Wir warteten ungeduldig auf den Sonntag. Dann sollte die Leitung spätestens geflickt sein. Der Sonntag kam. Es war heiss. Aber wie an den vergangenen Tagen kam kein Wasser. Als es dunkel wurde versammelte sich das ganze Dorf auf dem Dorfplatz. Was wollen wir jetzt tun? Wir beschlossen, wieder Jemanden in die kleine Stadt zu senden, der sich nach dem Wasserproblem erkundigt. Falls es noch länger dauern würde, bis das Problem gelöst ist, muss der Stadtrat informieret werden, dass unser Dorf in die Stadt kommt, bis das Wasser wieder läuft. Wir können nicht länger hier leben ohne Wasser!
So ging der gleiche Mann, der vor zwei Wochen unser Kurier war, wieder. Er kam heute, Montagabend, nach Hause und brachte uns diese schlechte Nachricht. Denn die Stadt hat auch kein Wasser und jeden Tag müssen Tanklastwagen von einer grossen Stadt Wasser bringen. Viele Leute in der kleinen Stadt haben sich entschlossen in die grosse Stadt zu gehen, bis die Regenzeit beginnt.

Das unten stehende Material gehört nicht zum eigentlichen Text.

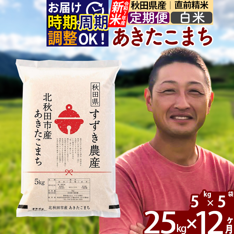 ※令和7年産 新米※《定期便12ヶ月》秋田県産 あきたこまち 25kg【白米】(5kg小分け袋) 2025年産 お届け時期選べる お届け周期調整可能 隔月に調整OK お米 すずき農産
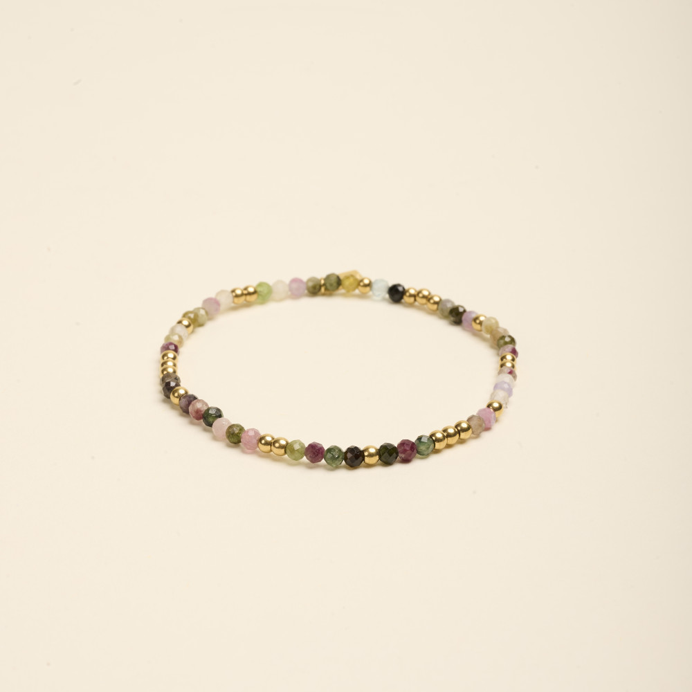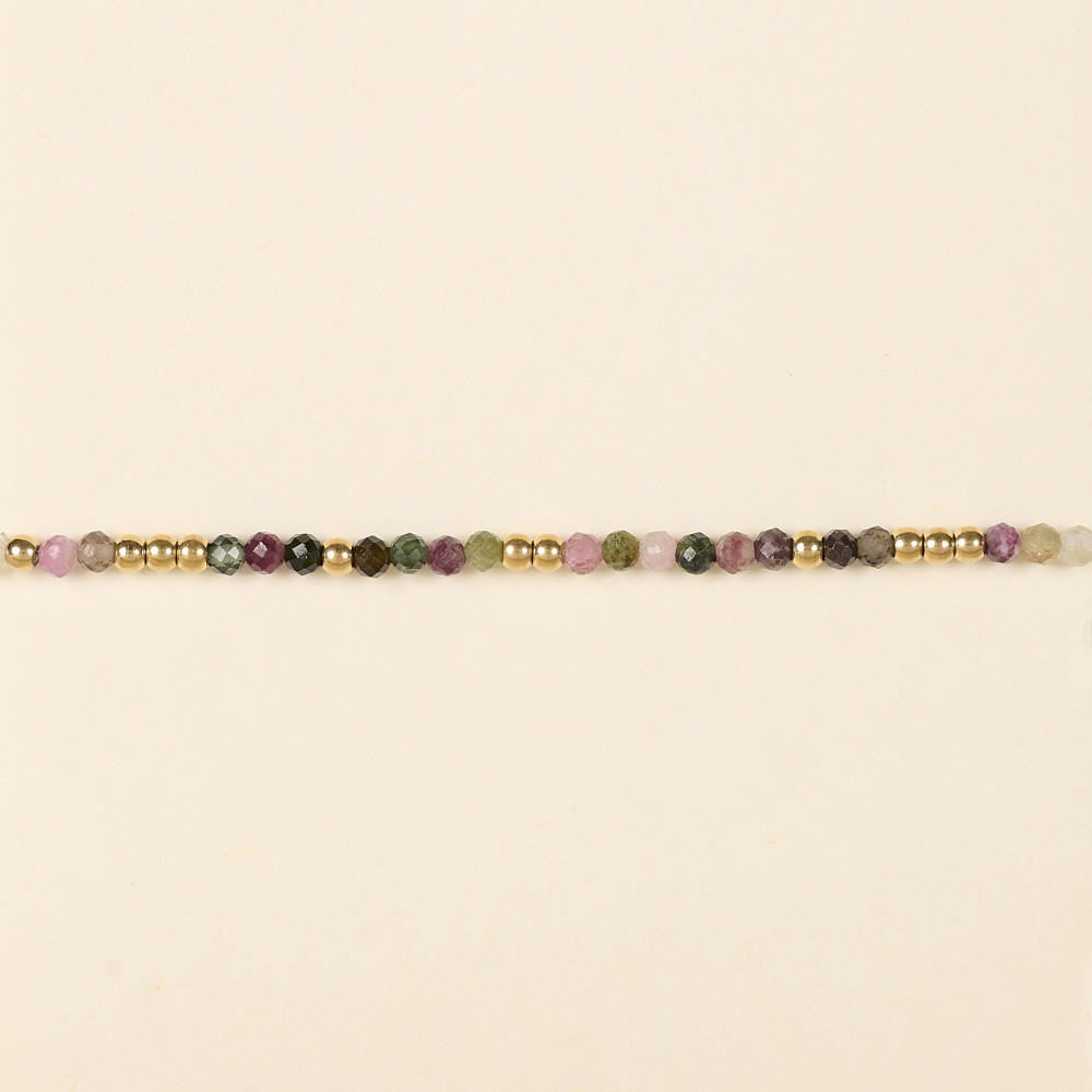 Le bracelet Cris associe des perles en tourmaline multicolore facettées à des perles en acier doré.
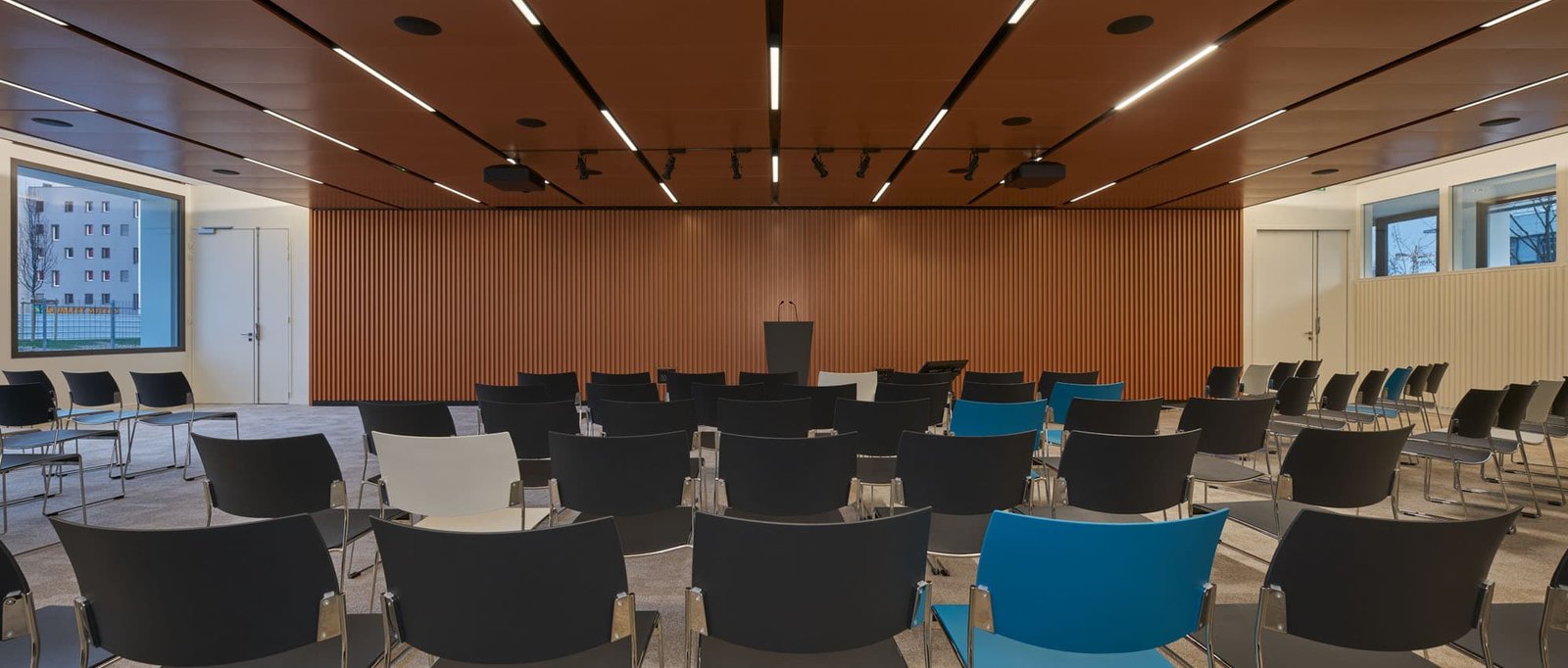 Derrière le vitrage des baies, se cache des éléments clefs du programme comme le restaurant, l’espace de formation ou la place du village. Les terrasses sont quant à elles revêtues de cassettes métalliques de teinte cuivrée, en référence aux câbles de cuivre utilisés dans l’électricité.
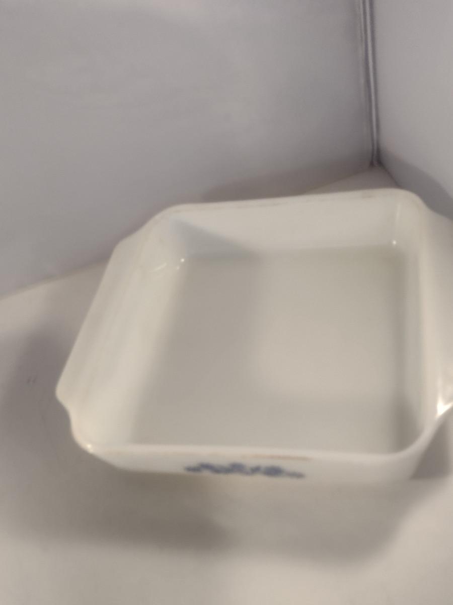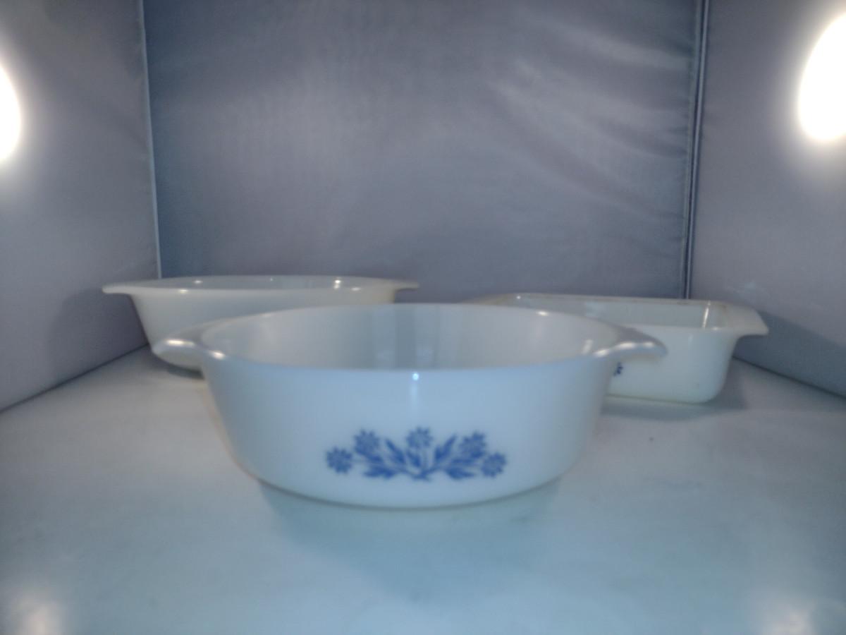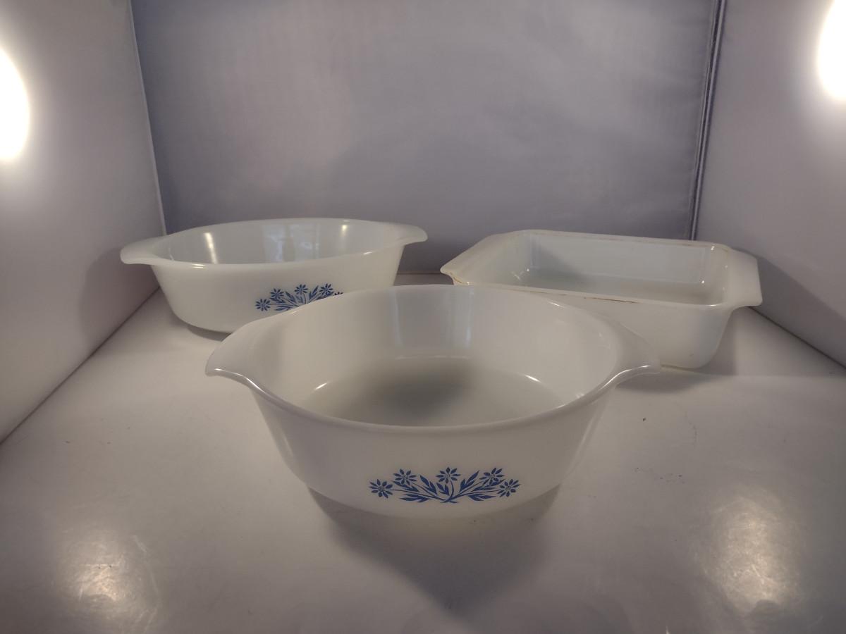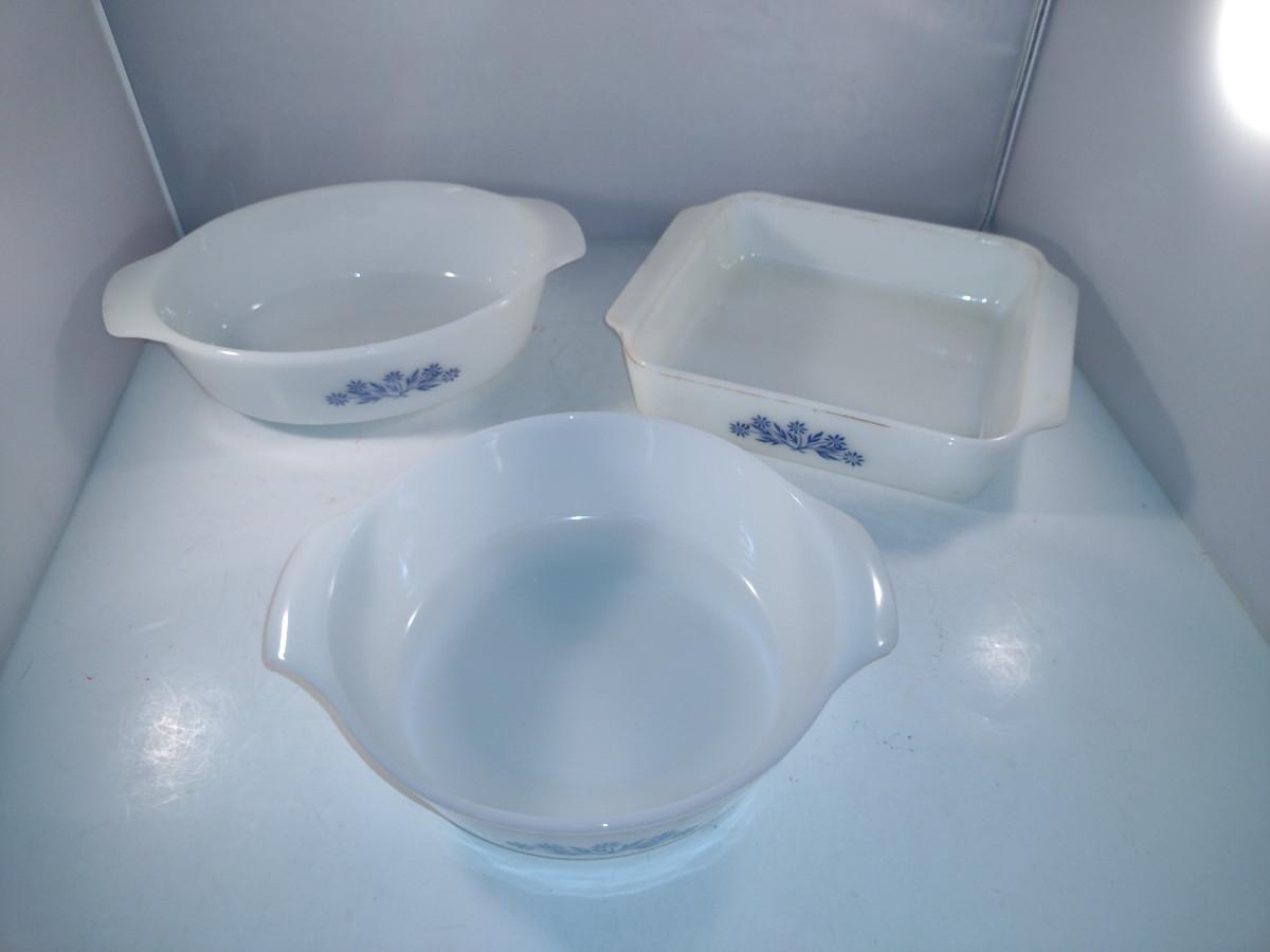 Anchor Hocking Blue Cornflower White Glass Casserole Dishes. 1 1/2 quart round, 1 1/2 quart oval, 1 1/2 quart square.
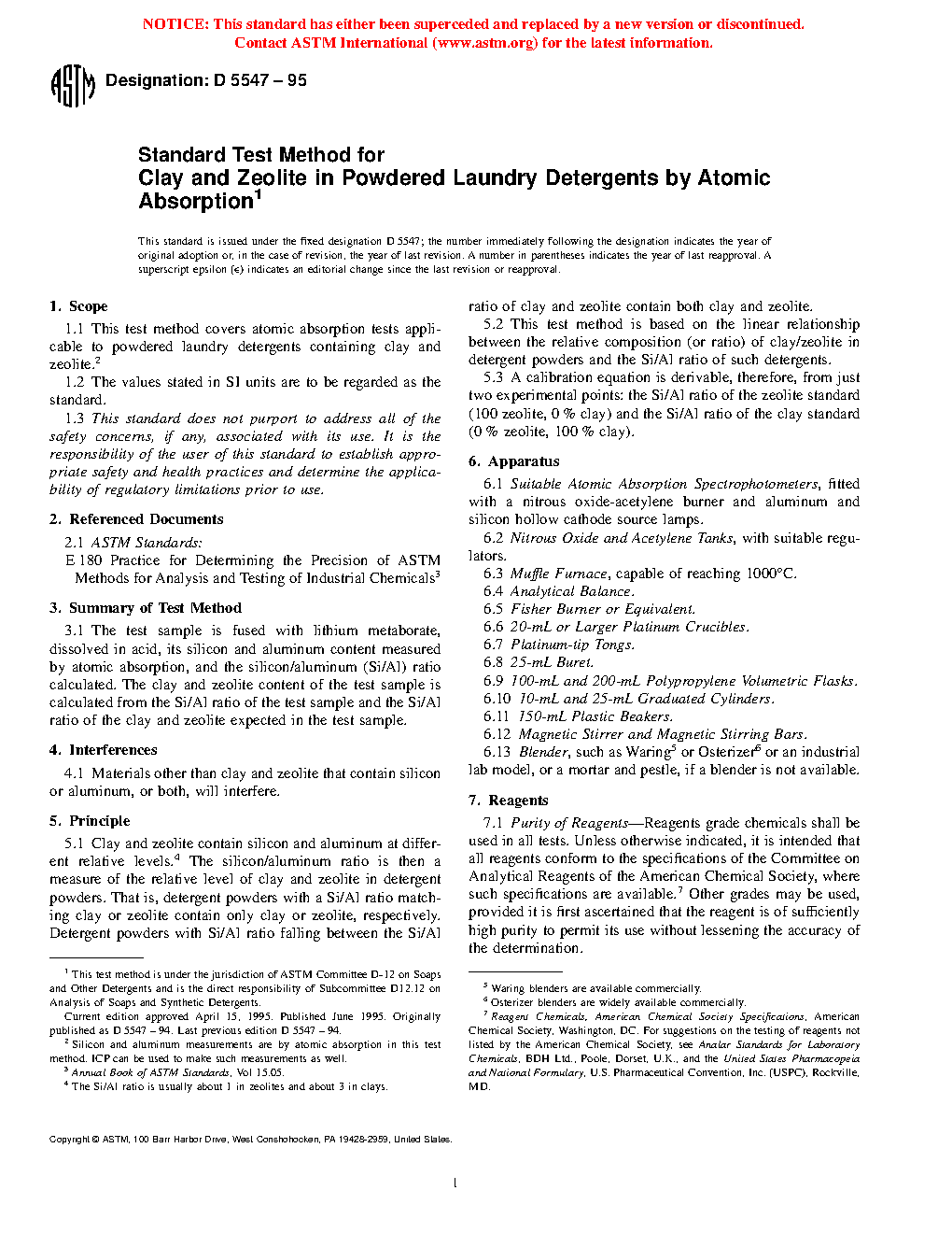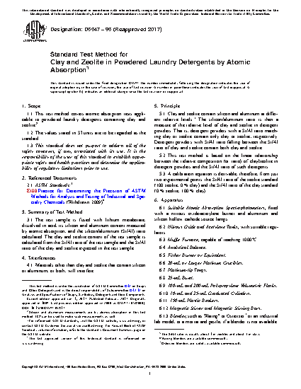 This test method covers atomic absorption tests applicable to powdered laundry detergents containing clay and zeolite. The test sample is fused with lithium metaborate, dissolved in acid, its silicon and aluminum content measured by atomic absorption, and the silicon/aluminum (Si/Al) ratio calculated. The clay and zeolite content of the test sample is calculated from the Si/Al ratio of the test sample and the Si/Al ratio of the clay and zeolite expected in the test sample. This test method is based on the linear relationship between the relative composition (or ratio) of clay/zeolite in detergent powders and the Si/Al ratio of such detergents.

Ich will nicht gehen, doch wir müssen, denn der Brunnen hat fast kein Wasser mehr, dazu hat die Regenzeit noch nicht begonnen. Lieber zu früh gehen als zu spät. Den Weg werden wir natürlich zu Fuss mit unserm Vieh machen, denn Autos haben nur sehr wenige.
Ich langweilte mich, so stand ich auf und ging zum Fenster. Ich schaute hinaus in die Dunkelheit. Ein sanfter, frischer Wind wehte und ich hörte etwas in der Ferne, das wie ein paar Rasseln tönte und immer näher kam. Ich wusste, was es war und mit einem Lachen ging ich wieder zu Bett. Danach hatte ich einen so guten Schlaf wie schon lange nicht mehr.